El requerimiento para el acompañante debería ser que sostenga un trabajo ético, reflexivo respecto de su lugar en las
prácticas restitutivas de derechos, que sea responsable de supervisar siempre que se vea entrampado en alguna
dificultad, estando advertido de las dificultades específicas de su práctica: la sobreimplicación, la complejidad del
campo, etc. Un requisito puede ser su análisis personal, pero éticamente es complejo exigirle “trabajar supervisado”.

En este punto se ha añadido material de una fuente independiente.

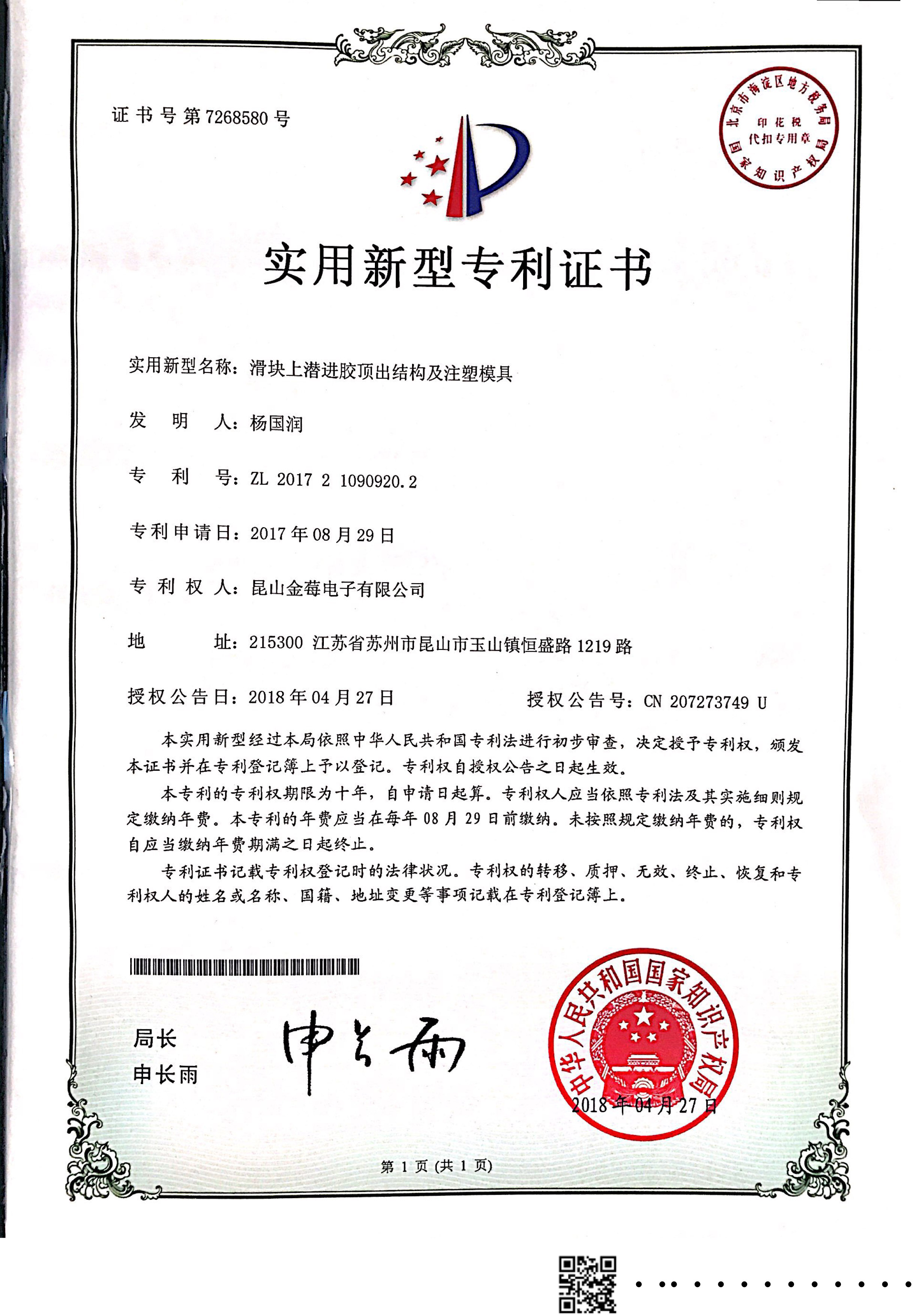 7268580專利號-滑塊上潛進(jìn)膠頂出結(jié)構(gòu)及注塑模具

Esto es interesante pensarlo como un síntoma del campo actual del at que señaliza en esa necesidad la falta de
formación o experiencia y/o la constante rotación por las precarias condiciones de trabajo. Motivos estos por los cuales
los equipos a veces no están seguros de que cuenten con referencias de formación o experiencia suficiente y es leído
como un riesgo el no estar viendo de cerca el trabajo del acompañante. Por suerte este horizonte va cambiando y en ese
tránsito la Universidad es un actor clave.

A modo de cierre

Quisiera terminar como comenzamos, enunciando como conjuro frente a los desafíos de nuestras prácticas cotidianas,
como recordatorio y apuesta que los derechos humanos no poseen su eficacia en la proclamación de sus principios sino
en cómo logran permearse en la realidad social a partir de prácticas que propicien su implementación y eso nos
interpela a todos, a pensarnos y a pensar las prácticas que sostenemos.